Before the government’s rollback which comes after it faced significant push-back from businesses, plans to bring in a UK version of Sarbanes-Oxley would have mandated that company executives sign off on financial reports, thereby taking individual responsibility for the accuracy of financial records.
Now, it is understood that the FRC will set out plans as to how it will ensure that executives take responsibility without government legislation.
Why the need for reform?
In recent years, there has been a series of high-profile accounting scandals including those involving Carillion, BHS and Patisserie Valerie that have highlighted the need for reform.
In fact, the US brought in Sarbanes-Oxley in 2002 after it suffered its own string of corporate accounting scandals including Enron, Tyco International, Adelphia and WorldCom.
The Act as it exists in the US covers the responsibilities of a public corporation’s board of directors, criminal penalties for certain misconduct, the oversight role of boards of directors and the independence of outside auditors who review the accuracy of corporate financial statements. It also mandates that senior executives take individual responsibility for the accuracy and completeness of corporate financial records which is a key element that Sir Jan du Plessis wants to introduce in the UK.
Currently in the UK, the onus for accounting scandals lands on the audit profession as we have seen many times in recent years. Consider the collapse of BHS in which PwC and the firm’s senior audit partner Steve Denison were deemed to have failed to properly scrutinise the business. The FRC said BHS’s 2014 accounts were “incomplete, inaccurate and misleading” and yet the audit was signed off in March 2015, days before BHS was sold for £1 in a deal that led to its collapse, the loss of 11,000 jobs and a £571m pension deficit. The FRC said PwC failed in its auditing responsibility and fined it a record £6.5m, banning Steve Dennison from audit work for 15 years as well as personally fining him £325,000. However the FRC’s final report into the matter, while criticising PwC for “seriously poor audit work” did not include any criticism of Sir Philip Green or any of his management team for providing misleading and unrealistic financial accounts.
Similarly, in the case of Patisserie Valerie, its auditor was fined £2.3m and accused of a “serious lack of competence” over its role in the accounting scandal that led to the collapse of the chain. But while the auditor acknowledged that the quality of its audit work fell short of what was expected of it, it also highlighted that the board and management of Patisserie Valerie also failed to detect the sustained and collusive fraud that had been taking place within the business.

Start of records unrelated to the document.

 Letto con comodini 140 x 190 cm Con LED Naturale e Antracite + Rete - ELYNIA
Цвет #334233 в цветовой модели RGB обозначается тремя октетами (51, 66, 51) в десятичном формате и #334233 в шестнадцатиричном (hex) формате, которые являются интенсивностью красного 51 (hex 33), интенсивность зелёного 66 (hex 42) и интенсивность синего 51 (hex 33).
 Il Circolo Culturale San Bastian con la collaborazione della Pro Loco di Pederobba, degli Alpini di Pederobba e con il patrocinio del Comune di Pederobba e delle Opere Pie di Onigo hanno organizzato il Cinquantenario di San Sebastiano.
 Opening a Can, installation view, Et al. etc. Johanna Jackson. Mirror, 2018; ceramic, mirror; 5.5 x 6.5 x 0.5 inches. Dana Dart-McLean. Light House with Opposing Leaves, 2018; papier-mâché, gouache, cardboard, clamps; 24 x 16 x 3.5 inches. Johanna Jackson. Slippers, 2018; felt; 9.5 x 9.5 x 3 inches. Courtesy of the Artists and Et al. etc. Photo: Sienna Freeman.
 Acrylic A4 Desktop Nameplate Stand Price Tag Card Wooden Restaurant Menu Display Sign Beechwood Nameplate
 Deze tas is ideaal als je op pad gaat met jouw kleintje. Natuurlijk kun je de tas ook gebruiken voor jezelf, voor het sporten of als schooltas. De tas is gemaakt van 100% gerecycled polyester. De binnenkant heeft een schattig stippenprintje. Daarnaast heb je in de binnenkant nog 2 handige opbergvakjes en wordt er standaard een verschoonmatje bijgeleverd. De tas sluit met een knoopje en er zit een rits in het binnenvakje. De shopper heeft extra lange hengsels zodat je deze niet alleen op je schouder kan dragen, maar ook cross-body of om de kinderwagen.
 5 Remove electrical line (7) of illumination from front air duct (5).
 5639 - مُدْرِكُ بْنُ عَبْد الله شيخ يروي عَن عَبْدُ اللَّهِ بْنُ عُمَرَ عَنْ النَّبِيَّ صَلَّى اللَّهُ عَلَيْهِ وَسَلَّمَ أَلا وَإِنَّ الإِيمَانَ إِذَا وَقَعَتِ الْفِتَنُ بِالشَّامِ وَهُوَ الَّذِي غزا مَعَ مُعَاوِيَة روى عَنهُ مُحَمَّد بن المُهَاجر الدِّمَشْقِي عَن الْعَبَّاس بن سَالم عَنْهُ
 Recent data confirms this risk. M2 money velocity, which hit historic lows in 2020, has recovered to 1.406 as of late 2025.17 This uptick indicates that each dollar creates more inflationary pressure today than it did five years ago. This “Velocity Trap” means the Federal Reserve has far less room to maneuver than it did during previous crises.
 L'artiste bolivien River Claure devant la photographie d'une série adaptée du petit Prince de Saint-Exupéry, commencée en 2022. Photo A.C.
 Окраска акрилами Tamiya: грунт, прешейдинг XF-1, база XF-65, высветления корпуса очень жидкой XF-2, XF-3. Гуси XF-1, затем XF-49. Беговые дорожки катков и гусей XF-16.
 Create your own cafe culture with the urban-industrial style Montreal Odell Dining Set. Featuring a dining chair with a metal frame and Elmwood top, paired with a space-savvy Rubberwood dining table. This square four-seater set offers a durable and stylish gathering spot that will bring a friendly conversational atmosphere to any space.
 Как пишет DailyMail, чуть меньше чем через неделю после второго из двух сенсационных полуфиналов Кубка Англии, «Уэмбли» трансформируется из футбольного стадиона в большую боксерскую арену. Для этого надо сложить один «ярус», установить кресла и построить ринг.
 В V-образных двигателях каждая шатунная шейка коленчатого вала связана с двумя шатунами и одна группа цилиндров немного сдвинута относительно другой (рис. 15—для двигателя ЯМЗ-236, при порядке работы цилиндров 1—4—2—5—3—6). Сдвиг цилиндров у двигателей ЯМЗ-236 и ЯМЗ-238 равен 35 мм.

We don’t yet know how Sir Jan du Plessis plans to carry out his vow to hold company directors to account.
It might be part of the new Audit, Reporting and Governance Authority (ARGA)’s powers which will become the new audit authority in the UK next year following recommendations set out in Sir John Kingman’s review of the FRC in 2018 which proposed replacing the FRC with a new, stronger regulator.
But whatever his plans, it is likely that they will be welcomed by the audit profession if not by businesses.
For businesses, if Sir Jan is successful, directors will need to take an even more active role in ensuring they understand their company’s financials to be certain they do not open themselves up to personal penalties and consequences should they sign off on incorrect figures.